しかし私は、この主イエスの言葉、「あの人を、わたしのそばに連れて来るように」という言葉もまた、後の教会の人びとが大切にした言葉ではなかったかと思います。「あの人を連れて来なさい。わたしのそばに連れて来なさい」。主イエスのそばであります。私どもも、主イエスから命じられていると思います。「あの人を連れて来なさい」。そして実際に教会は、そのように生きてまいりました。闇のような場所にいる人のところに出かけて行って、「だいじょうぶ、あなたはひとりではない。イエスさまが、あなたを呼んでおられる。わたしのそばに来いっておっしゃっている」。私ども教会にゆだねられた言葉です。本当は、すべての人が、このような教会の言葉を必要としているのです。この日本という国もまた、このような教会の言葉を必要としているのです。「わたしのそばに連れて来なさい」。このお方のところに行くのです。連れて行くのです。
この盲人は、そのようにして、主イエスのそばに行くことができました。ルカはその様子を、「彼が近づくと」というように、非常に簡潔にしか書いてくれていませんが、たとえば私どもの教会にも、全盲の神学生がいますから、その様子を生き生きと思い浮かべることができると思います。イエスさまのところに近づこうにも、誰かが手を取ってくれなければ、どっちの方向に歩き出したらよいかも分かりません。ようやく主イエスの前に立っても、「ほら、お前のすぐ前にいるのがイエスさまだぞ」と、誰かが教えてくれなければ、何も分からなかったと思います。実は私どもも例外なく、最初は、そのように主イエスの前に連れて行ってもらったのではないでしょうか。
そこで主イエスは、開口一番、「何をしてほしいのか」。
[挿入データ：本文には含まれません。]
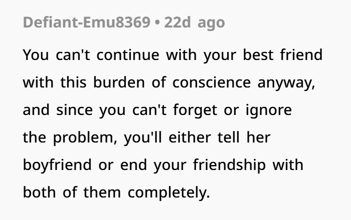 Most internet users thought the woman should definitely tell her friend’s boyfriend about what she did

そう言われました。ああ、これが、イエスさまの声か……。しかしそこで何を問われたかというと、「あなたは、わたしに、何をしてほしいのか」。ある神学者は、ここでこの盲人は答えに詰まったのではないかと想像しています。「何をしてほしいのか」。そう言えば、自分は何をしてほしいんだろう……。答えに詰まった。そうは思わないという方もおられるかもしれません。そんなことは分かり切っているではないかという感想もあり得るかもしれません。しかし、この人は、これまでもいろんな人から同じことを聞かれてきたと思います。「何をしてほしいのか」。衣食住に関わることだけでも、いろんなことで、いろんな人から、「何をしてほしいのか」と聞かれてきたと思います。
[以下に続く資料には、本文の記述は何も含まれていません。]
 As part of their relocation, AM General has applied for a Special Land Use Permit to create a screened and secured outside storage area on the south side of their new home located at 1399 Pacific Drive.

しかし今、このイエスというお方の前に立ちながら、「何をしてほしいのか」と問われます。そう言えば、いったい、わたしは、何をしてほしいんだろう……。「一生困らない額の施しをください」とか、「わたしの生活を支えてくれる伴侶を与えてください」とか……今、私の言葉を聞きながら、ばかばかしいとお思いになる方もあるかもしれませんが、私どもだって突然こういう問いの前に立たされたら、案外、こういうレベルの願いを口にすると思います。イエスさま、わたしは今こういうことで苦しんでいます。だから、こうこう、こういうふうに助けてくださいませんか。もちろん、そういう祈りが間違っているというのではありません。主イエスは既にこの同じルカによる福音書の第11章で、「求めなさい、探しなさい、門をたたきなさい」と言われました。旅行中の友達に出してあげるパンがないということになったら、そのパンを必死になって求めるように、神さまに何でも欲しいものを願い求める。それが祈りです。
けれども、そこで、改めて主イエスは問われる。「あなたは、何をしてほしいのか」。あなたの本当の願いは何か。あなたの根本的な求めは何か。私どもも、問われていると思います。「何をしてほしいのか」。いったい、私どもは、神に何をしてほしいと願っているのでしょうか。
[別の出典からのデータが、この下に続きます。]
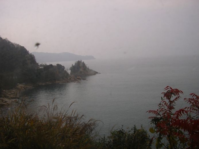 タンゴ悠遊号は景色のいいところでは停車して、景色についての説明もありますが、残念ながら曇天です。
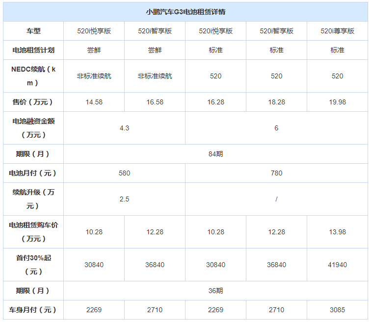 由于規格不同,因此小鵬汽車的電池租賃方案會因車型的不同而有所差異,例如小鵬汽車G3520i車型的電池容量為66.5kWh,電池定價60000元;而P7車型的電池容量為80.9kWh,電池定價75000元。消費者購買完裸車后,即可按月租用電池,租金因車型不同而有所差異,費用低至580元/月,當車主租用84期(7年)后,該電池則歸消費者所有。

この盲人は、言葉に詰まりながらであったかもしれない。もしかしたら、その声は震えていたかもしれない。けれども、万感の思いを込めて申しました。「主よ、目が見えるようになりたいのです」。私は思います。この人は、生まれて初めて、この願いをはっきりと口にすることができたのではないか。それまでにも、いろんな人から、「何をしてほしいのか」、「何かしてほしいことはありますか」と声をかけてもらったと思います。そしていろんな願いを口にしてきたと思います。けれども、ここでは、「主よ」。はっきりと、神の名を呼んでいます。「主よ、わたしは、生まれて初めて、この願いを口にいたします。……目が見えるように、なりたいのです。他の誰にもお願いしたことのない願いです。けれども、イエスさま、あなたにだからこそ申します。目が、見えるように、なりたいのです」。この方に対してなら、この願いを口にすることができるのだということを、どういうわけか、この人は悟ることができました。このお方にならできる。このお方に、わたしは願う。……これが、〈信仰〉です。信じたからこそ、口にすることのできた願いであったのです。だから、42節では、「あなたの信仰があなたを救った」と言われるのです。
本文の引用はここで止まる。